I'll start with the adorable girl who is far too young for me. I've seen her a few times. Once at the first show I played: she walked in when we were just setting up, about two hours before the show was to actually start. I smiled at her kindly when she sat down across the room to listen. I thought she was quite cute, saw her later, and tried to show C, but the girl disappeared. Second I saw her at the college: she was walking with a boy and she smiled at me, and I returned. I couldn't believe I once again saw her. Third, I see her at my second show, again with the boy. This time, we make eyes quite a bit. I'd look at her, she'd be looking at me, etc.
So I talked to her. I told her that I see her everywhere, and asked what band she was there for. The particular band was playing the next weekend with a friend of mine, so I said "I bet I'll see you there, too." Sure enough, she was going.
The next day she found me on myspace and sent me a message saying she'd like to get to know me. Now, this girl is hella cute. So cute. And I was excited she posed interest. However, her myspace said her age was 14. I questioned it and she said she was actually 13. YIKES. That's a four year difference.
That same weekend I had broken up with C. This past week has been hell. A big jumble of not having a chance to think about anything. C and I are back together. But it's hard. I don't know how I feel on anything. I know that I missed her and I'm far happier as her girlfriend, but how do I actually feel about her?
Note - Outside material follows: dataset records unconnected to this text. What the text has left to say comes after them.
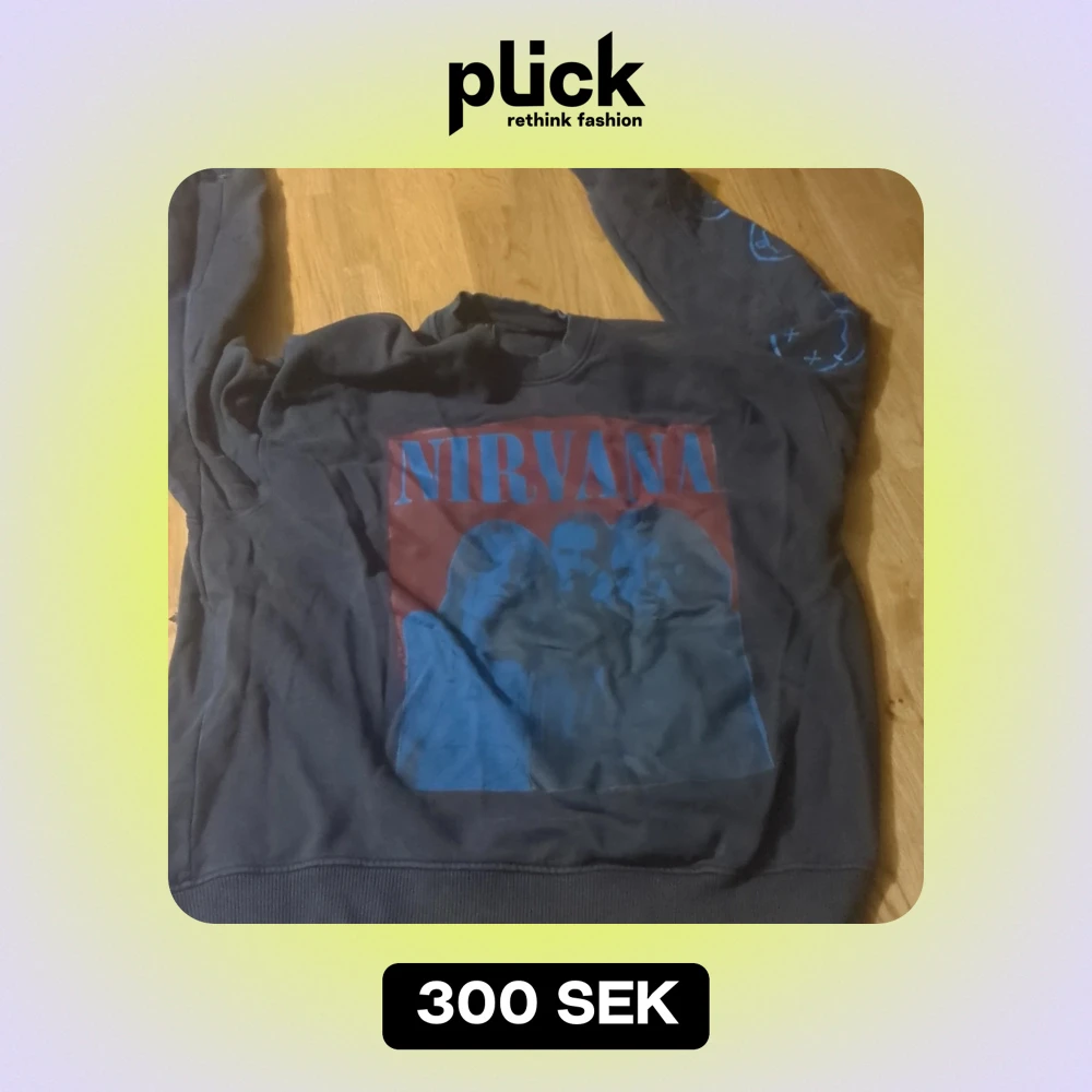 Cool svart Nirvana hoodie med tryck av bandet på framsidan. Ärmarna har blåa smiley-mönster som ger en extra touch. Perfekt för alla Nirvana-fans som vill ha en bekväm och stilren tröja. Passar bra till både vardag och konsert!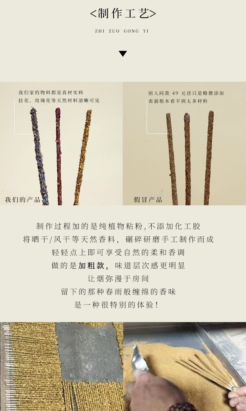 纯手工制作,所用香料均是纯植物草药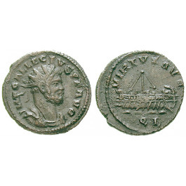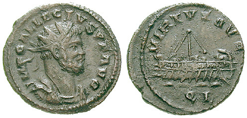 Allectus 293-296. AE-Antoninian 20 mm 293-296 London. Drapierte Büste r. mit Strahlenkrone IMP C ALLECTVS P F AVG / VIRTVS AVG Galeere l., Mzz. QL. RIC 55; sehr schön, dunkle Patina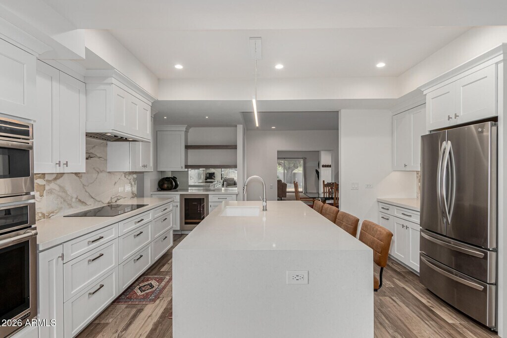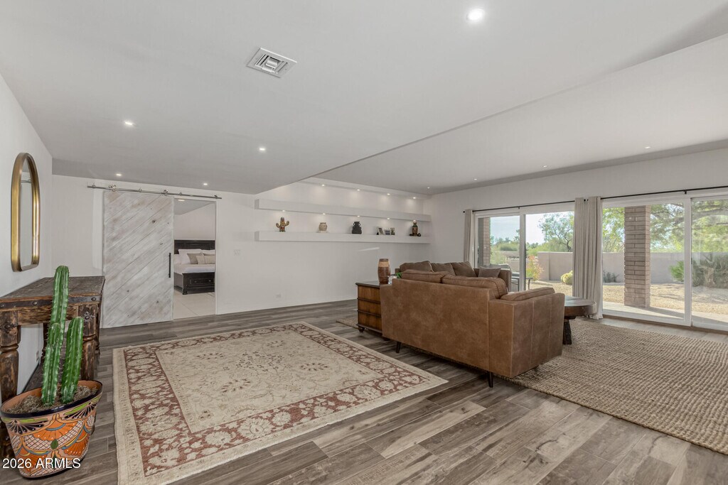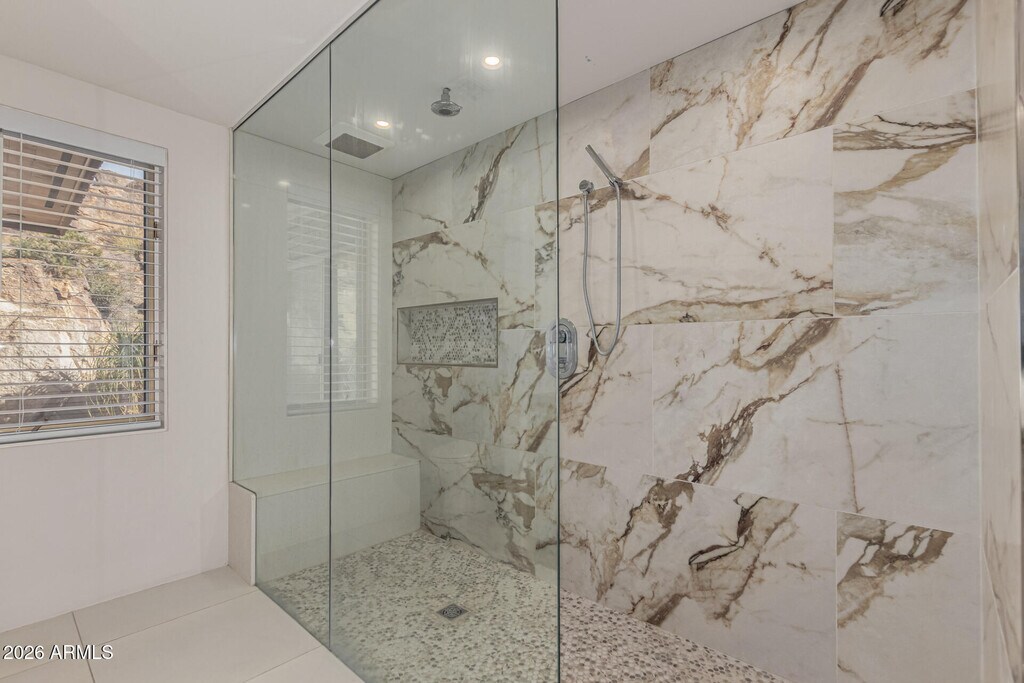 This tastefully remodeled patio home offers very spacious rooms,privacy and rugged natural scenery - and it is set back on a beautiful corner lot. The kitchen,dining area and living room are unique spaces that flow effortlessly into one another. The master bedroom is enormous. The eat-in kitchen leads outside to a private patio,and a paved stairway leads up to an elevated view area surrounded by rock outcroppings. A large south-facing covered patio is accessed from the living room and offers privacy. Quartz countertops,new kitchen appliances,a Dimplex electric fireplace,and a whole-house tankless gas water heater are just some of the upgrades. The community pool and spa are not far away,and an optional club membership can be purchased to enjoy all that The Boulders has to offer.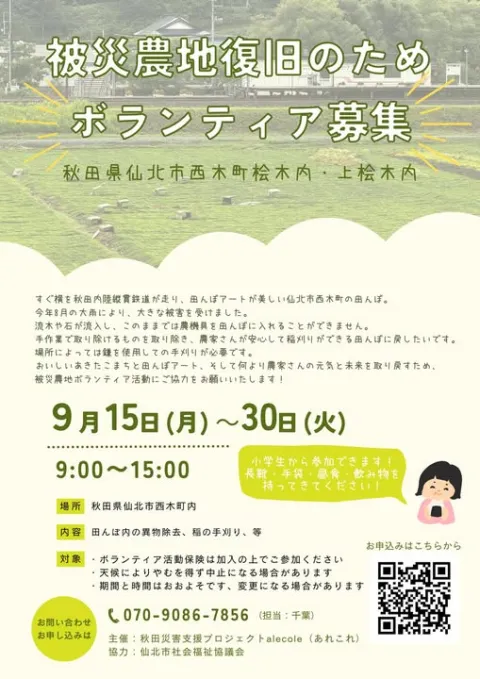 【あきたの物語】秋田県大雨災害:被災農地応援プロジェクト ボランティア募集中!

If I felt like I was just a best friend, where'd that feeling go? Why'd I have it in the first place? And my mom brought up the point that, if that girl wasn't 13 would I still be wanting C back? I'd totally be intersted in that girl if it wasn't for her age. Despite C. So what the hell?
I'm so thrown askew by everything I just need time off. From everything. But I can't get it.
If you have a word of advice, my ears are open.